Governo Lula avalia ampliação de subvenções ao diesel
Governo estuda prorrogar subsídios para o diesel devido à guerra no Oriente Médio.
O ministro do Desenvolvimento, Indústria, Comércio e Serviços, Márcio Elias Rosa, anunciou que o governo federal está considerando a prorrogação dos subsídios destinados a produtores e importadores de diesel. A declaração foi feita em um seminário promovido pela Ferjan, no Rio de Janeiro.
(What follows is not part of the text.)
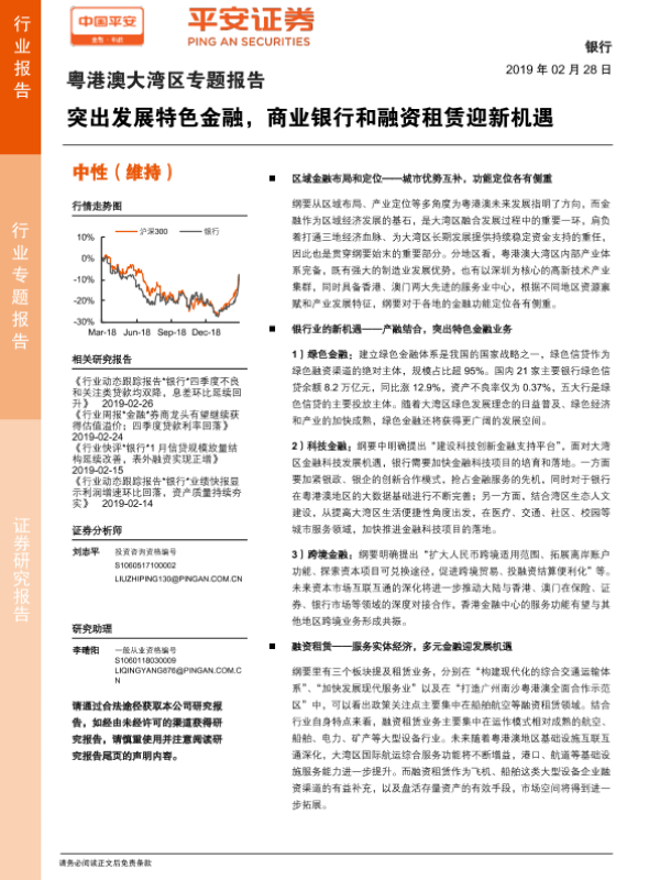 【平安证券】【20190228】银行:粤港澳大湾区专题报告-突出发展特色金融,商业银行和融资租赁迎新机遇-18页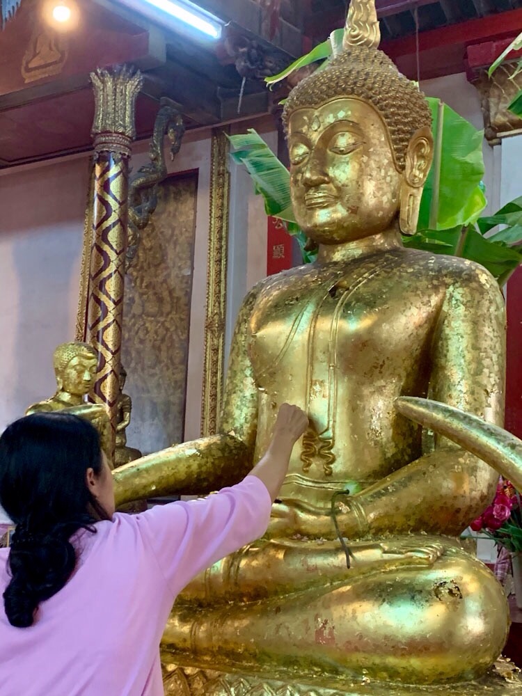 Une femme pose une feuille d’or sur un bouddha. Wat Phanan Choeng Worawihan, Ayutthaya, Thaïlande.

De acordo com o ministro, a iniciativa visa mitigar os impactos negativos no setor produtivo, especialmente em um momento em que a guerra no Oriente Médio, envolvendo Estados Unidos, Israel e Irã, continua a pressionar o mercado internacional de petróleo.
“No presente momento, de certo modo, está contido o impacto [da guerra no preço do diesel]. Mas é óbvio que, infelizmente, a guerra não acabou e há um efeito negativo dela que ainda está por vir”, afirmou Elias Rosa.
O governo se mostrou disposto a reeditar ou ampliar as medidas para conter a alta dos combustíveis e proteger os setores mais vulneráveis da economia. “É possível que nós tenhamos que reeditar essas medidas ao longo do período. Há uma disposição do governo, que é a de não perder o ‘timing’”, acrescentou.
COMO FUNCIONAM OS SUBSÍDIOS
Em março deste ano, o governo já havia implementado medidas emergenciais para controlar o aumento do diesel, como a zeragem de PIS/Cofins sobre o combustível e a criação de subsídios temporários.
Inicialmente, foi concedida uma subvenção de R$ 0,32 por litro. Posteriormente, o governo introduziu um adicional de R$ 1,20 por litro para importadores de diesel, que é dividido igualmente entre a União e os Estados, com R$ 0,60 pagos por cada parte. Para o diesel produzido no Brasil a partir de petróleo nacional, o adicional foi fixado em R$ 0,80 por litro. O ministro destacou que “as duas medidas que foram tomadas reduziram o risco de explosão de preços”.
GOVERNO NÃO DESCARTA NOVAS AÇÕES
Elias Rosa afirmou que não descarta a possibilidade de aumentar o total da subvenção. O governo continuará adotando ações para minimizar os impactos das incertezas geopolíticas sobre o setor produtivo. “Vamos tomar todas as medidas que sejam necessárias sem o receio de tomar a decisão para socorrer o setor privado mais vulnerável diante dessas incertezas geopolíticas”, disse.
Até o momento, o governo não divulgou quando decidirá sobre a possível prorrogação dos subsídios, a duração das medidas nem qual poderá ser o custo de uma eventual ampliação do programa.